I know this subject has been raised plenty of times but I just wanted to say a huge THANK YOU to MrExcel.com.  Why?

I decided some time ago I wanted a career change into IT (particularly software development etc.) and in my own time I have focused on learning new skills with Access and taught myself VBA, VB and Python.  These aren't the newest technologies I know but once you have worked with languages such as COBOL, these sorts of languages / applications are easy to learn and the concepts are transferrable to any language.  However, without any formal qualifications in these areas, I needed some credibility in order to be taken seriously.  Hence my involvement in MrExcel.com and my focus within the Access forum (and in any case I can't keep up with Excel gurus and I don't understand most of the Excel questions!).

I used my contributions on this site as a reference and today it paid off with a new contract.  So thank you MrExcel!  I may not be posting so much in future due to work commitments but I won't be far away.....

Andrew


P.S. This is still my favourite forum!


----------



## PaddyD (Mar 15, 2006)

Cool  & kudos on innovative use of the forum in the reference


----------



## SydneyGeek (Mar 15, 2006)

Hey Andrew, 

Congratulations!
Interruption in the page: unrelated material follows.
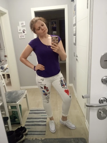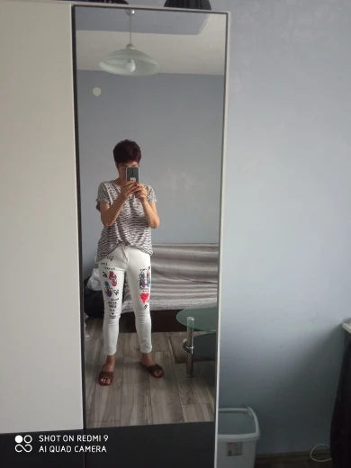5.08 заказ прибыл 24.05 на пост Пятёрочки с другими заказами с Али.29 размер мне маловат.Сама промахнулась,ориентировалась по предыдущим отзывам.Штанишки конечно тянуться,но сборят и швы еле еле дышат)))Качество хорошее,дышат,молочного цвета,рисунок на ткани-не апликация.Но на рост 162 см,попа 94 см ,талия 72 см советую брать размер 30-31.

Hope the contract turns into something really good (I'm well into the third year of an 8-week contract at the moment)

See you around

Denis


----------



## Andrew Fergus (Mar 16, 2006)

Thanks guys.

After making 1,500+ posts in the Access forum, I figured that had to be worth something and I guess so did my client.  The employment consultants seem to love the concept of helping others on an international forum - so I recommend others should also use this as a reference site too!  A word of caution : make sure you have your photo as your avatar to provide some proof that it is you (yet another reason to join Erik's DRAFT).

Here's hoping my 3 month contract extends like your Denis - although I'm not so sure about the 3 years part.....I will have to wait and see.

Andrew


----------